Le estaba mirando la pechera de la blusa de un modo que Kyla, más que frío, sentía que se abrasaba. Se puso de pie.

– Gracias otra vez. Adiós -se precipitó hacia una de las salidas con su hijo en brazos.

– ¡Eh, espere!

– ¿Qué pasa?

– ¿No se le olvida algo?

– ¿Qué?

– Pues para empezar su bolso. Y el carrito de Aaron. Están allí, al lado del puesto de los helados.

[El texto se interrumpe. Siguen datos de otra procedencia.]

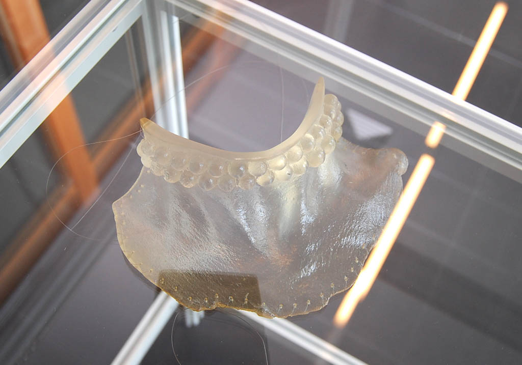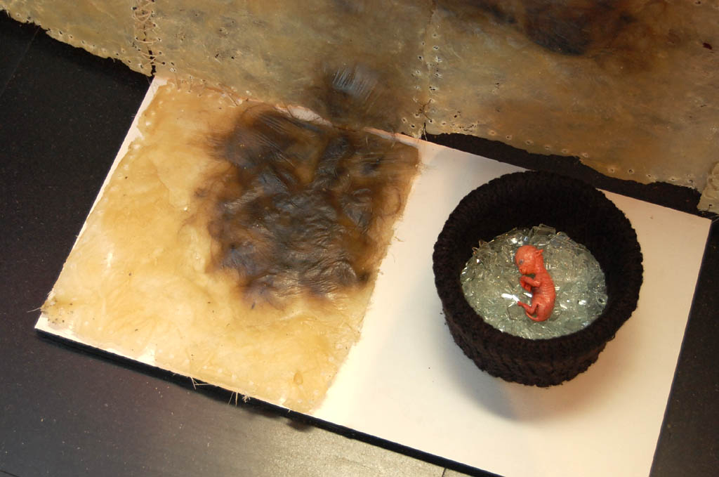 Z pracami Dagmary Horab koresponduje tworczość Adriany Lisowskiej. Na potrzeby jej prac poszerzono przestrzeń galerii o boczne, przeszklone studio, które z jednej strony stworzyło odrębną przestrzeń, o laboratoryjnych konotacjach, z drugiej poprzez szklaną płaszczyznę ścian pozostawiło prace artystki w aktywnej korespondencji z resztą wystawy. Lisowska tworzy biżuterię, choć niewiele kobiet zdecydowałoby się ją nosić. Prezentuje ją w postaci obiektów, a także na fotogramach, dzięki którym możemy zobaczyć ich relację z ciałem modelki. Podobnie jak Horab, a także trzeci uczestnik wystawy Artur Malewski, Lisowska pracuje z tworzywami sztucznymi. Realizowane przez nią obiekty to odlewy fragmentów ludzkiego, przede wszystkim kobiecego ciała. Naszyjniki, kolie i brosze to skóra ściągnięta z szyi i piersi modelek. Przeźroczysta, trochę błyszcząca, bardzo atrakcyjna wizualnie, odnosi się stereotypu postrzegania kobiety, jako osoby która przede wszystkim powinna epatować urodą. Z drugiej strony przypomina o naszej cielesnej marności, przemijaniu i śmierci. Pokazuje, że piękno ciała to tylko nasz chwilowy atrybut, który w wyniku upływu czasu czy na skutek choroby rozsypuje się w proch, i to zawsze za szybko, za wcześnie. Lisowska w swoich pracach, także poprzez tworzywo, nawiązuje tu do twórczości Aliny Szapocznikow, a filozoficznie bliższa jest może nawet różowym obiektom Marii Pinińskiej-Bereś. Jednak jej biżuteryjne ujęcie to bardzo indywidualny wkład w tę tematykę, określający indywidualność artystki.

Kyla se sintió muy estúpida. Movió la cabeza y se rió.

– Todavía estoy…

– Trastornada. Es lógico. Yo se los traeré.

– Ya ha hecho bastante.

– No se preocupe.

Se dirigió en busca de sus pertenencias antes de que ella pudiera impedírselo. Disimuladamente, Kyla echó una ojeada a la pechera de su blusa para ver si la tela húmeda se transparentaba. La alivió un poco darse cuenta de que no era para tanto.

Se apresuró a levantar la vista de nuevo hacia Trevor, que ya volvía. Entonces se dio cuenta de que cojeaba. Era casi imperceptible, pero no cabía duda de que se inclinaba un poco hacia la izquierda. Debía de haber sufrido un accidente terrible para haber perdido un ojo y haberse lesionado de esa manera toda la parte izquierda del cuerpo…

Pero ni siquiera la cojera menoscababa la agilidad de sus movimientos. Para ser un hombre tan alto, se movía con elegancia y tenía los andares confiados de un deportista. Y complexión atlética: los hombros anchos y las caderas estrechas. Tenía el pelo negro azabache, ondulado, y lo llevaba bastante largo, de modo que le cubría la parte superior de la oreja y se le rizaba en la nuca. Kyla se fijó en que las mujeres que se cruzaban con él, giraban la cabeza para mirarlo. A ninguna parecía disgustarle el parche del ojo. En realidad, aumentaba su atractivo de hombre desenvuelto y algo libertino.

Sin embargo, a pesar de ser tan masculino, parecía que le daba igual echarse el bolso al hombro y empujar el carrito por los pasillos del centro comercial hasta donde Aaron y ella lo estaban esperando.

– Gracias otra vez -dijo Kyla mientras evitaba la manita de Aaron, que se proponía atrapar uno de sus pendientes. Extendió el brazo hacia su bolso. Trevor se quitó la correa del hombro, le agarró el brazo y lo introdujo por el hueco de la correa. Luego le colocó ésta sobre el hombro.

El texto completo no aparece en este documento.